The present invention relates to a power feeding apparatus for a network hub installed within a network communication complex, and a network communication system that uses said power feeding apparatus.
There are two types of hubs commonly used in a network communication complex. One type of hub is such a hub as works on a power fed through an AC/DC power adapter connected to a commercial power supply. The other type of hub is such a hub as works on the “Power Over Ethernet (POE)” (Registered trademark). In the latter practice, the power is fed through a communication cable (Ethernet Cable) connected to a POE-compliant power-feeding hub (Ethernet is a registered trademark).

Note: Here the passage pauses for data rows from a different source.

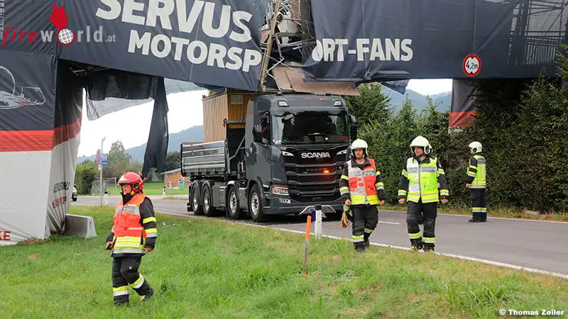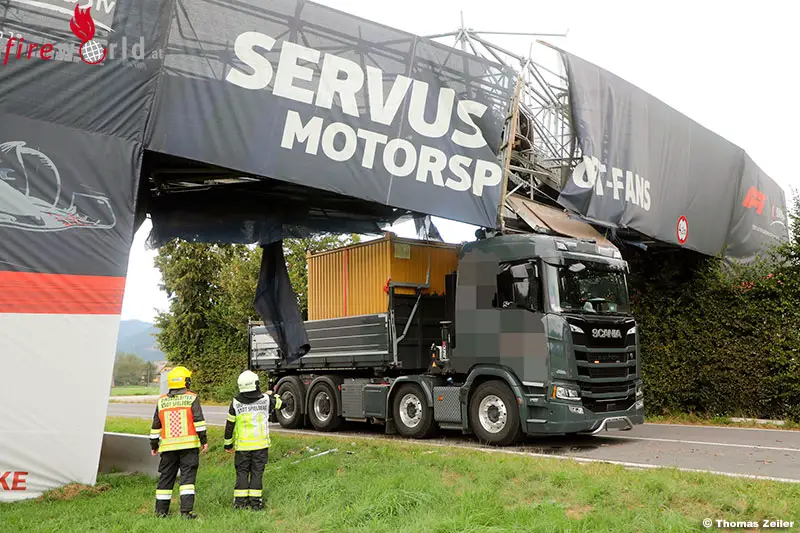 SPIELBERG (STMK): Am 29. August 2025 kam es in der Gemeinde Spielberg zu einem nicht alltäglichen Verkehrsunfall. Gegen 13.40 Uhr kollidierte ein Lkw auf der L503 mit einer Fußgängerbrücke. 15 Mann der Feuerwehr Spielberg waren gemeinsam mit der Polizei binnen weniger Minuten am Einsatzort. Mit schwerem Gerät konnte die Brücke gehoben und vvom Lkw entfernt werden.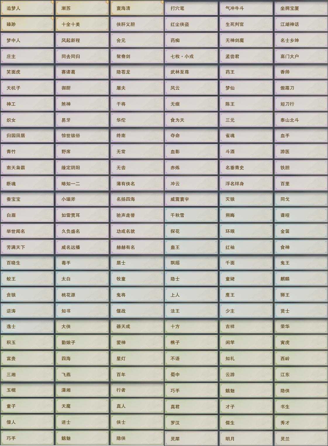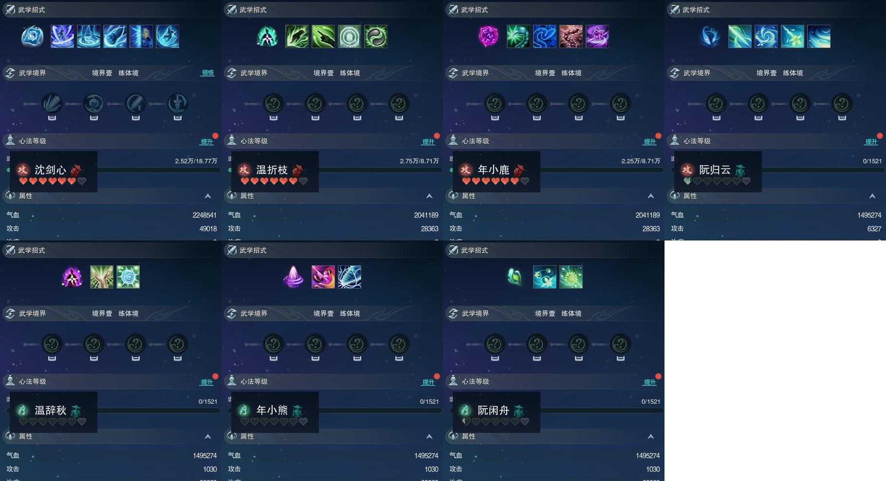 【同伴】沈剑心73级境界壹,温折枝66级境界壹,年小鹿66级境界壹,阮归云1级境界壹,温辞秋1级境界壹,年小熊1级境界壹,阮闲舟1级境界壹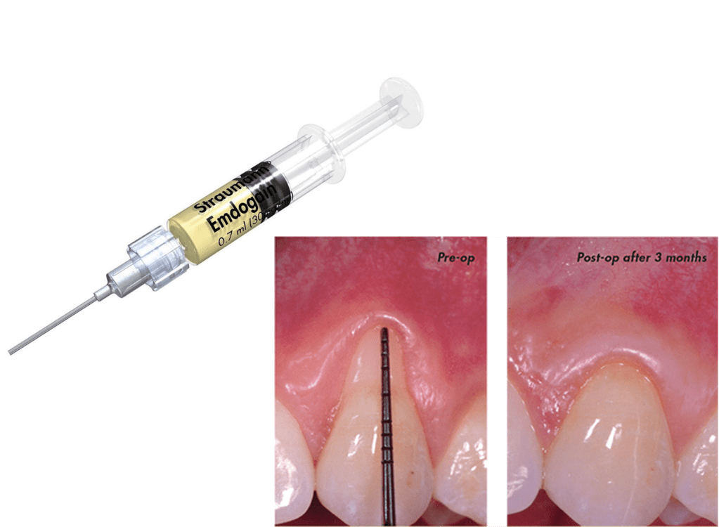 Straumann® Emdogain® è un mix di proteine della matrice dello smalto che, applicate su una superficie pulita della radice del dente, formano una matrice extracellulare che stimola le cellule e i processi fondamentali per la rigenerazione parodontale.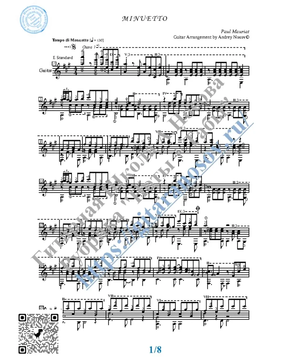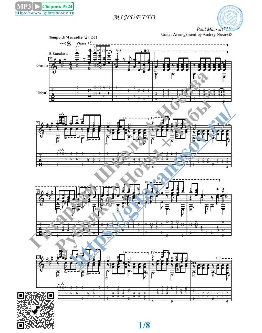 Кликните "Подробнее" для получения дополнительной информацииВашему вниманию предлагается композиция "Minuetto (P.Mauriat)", предназначенная для исполнения на 6-ти струнной гитаре СОЛО. Запись выполнена нотами, сопровождена подробнейшей аппликатурой и продублирована табулатурой. И ещё…

A hub working on the power fed from an AC/DC power adapter connected to a commercial power supply (herein after this type of hub is referred to as an ordinary hub) becomes disabled for communication relaying function (the hub function) if the commercial power supply fails, because a power supply failure causes an interruption in the power feeding to the hub. Therefore, a network communication system that uses the ordinary hub for communication relaying encounters such a problem that the system will be disabled from communicating because the ordinary hub will lose its communication relaying function if a commercial power supply failure occurs.
The ordinary hub on the other hand requires being installed near to the distribution facility of a commercial power supply. Locational consideration is required.
A POE-compliant power-receiving hub that works on the power fed from a POE-compliant power-feeding hub through a communication cable may be installed in a place where a commercial power supply is not available. However, the length of the communication cable acceptable to the system in this usage is limited. The POE-compliant power-receiving hub must be installed within an area of which distance from the POE-compliant power-feeding hub is not greater than 100 m.
Therefore, a network communication system that intends to relay communications using said POE-compliant power-receiving hub encounters such a designing problem that the system must be configured so that the hub should be located always within a limited area.
Further, in a POE-compliant power-feeding hub that works on a commercial power supply, a failure in a commercial power causes the hub to lose its power feeding function and communications relaying function. This loss of functions develops to the failure in the power feeding to a POE-compliant power-receiving hub that is dependent to said POE-compliant power-feeding hub causing an interruption in the communications relaying. This is a problem in that the communication function in a network communication system is disabled.
Where the system uses a POE-compliant power-feeding hub that works on an uninterruptible power supply apparatus having a built-in power storage device, said POE-compliant power-feeding hub and said POE-compliant power-receiving hub can work without interruption of their power reception from the uninterruptible power supply apparatus. Then, the system can maintain communication relaying.
As stated above however, the length of the communication cable acceptable to the system configuration is limited. Said POE-compliant power-receiving hub must be installed within an area of which distance from a POE-compliant power-feeding hub is not greater than 100 m. Therefore, a network communication system that intends to relay communications using such POE-compliant power-receiving hub encounters a designing problem such that the system must be configured so that the hub should be located always within a limited area.
Moreover, the uninterruptible power supply apparatus is expensive, which increases problematically the cost of a network communication system.
For instance, these prior arts are described in JP 9-261264 A and JP 2004-171558 A.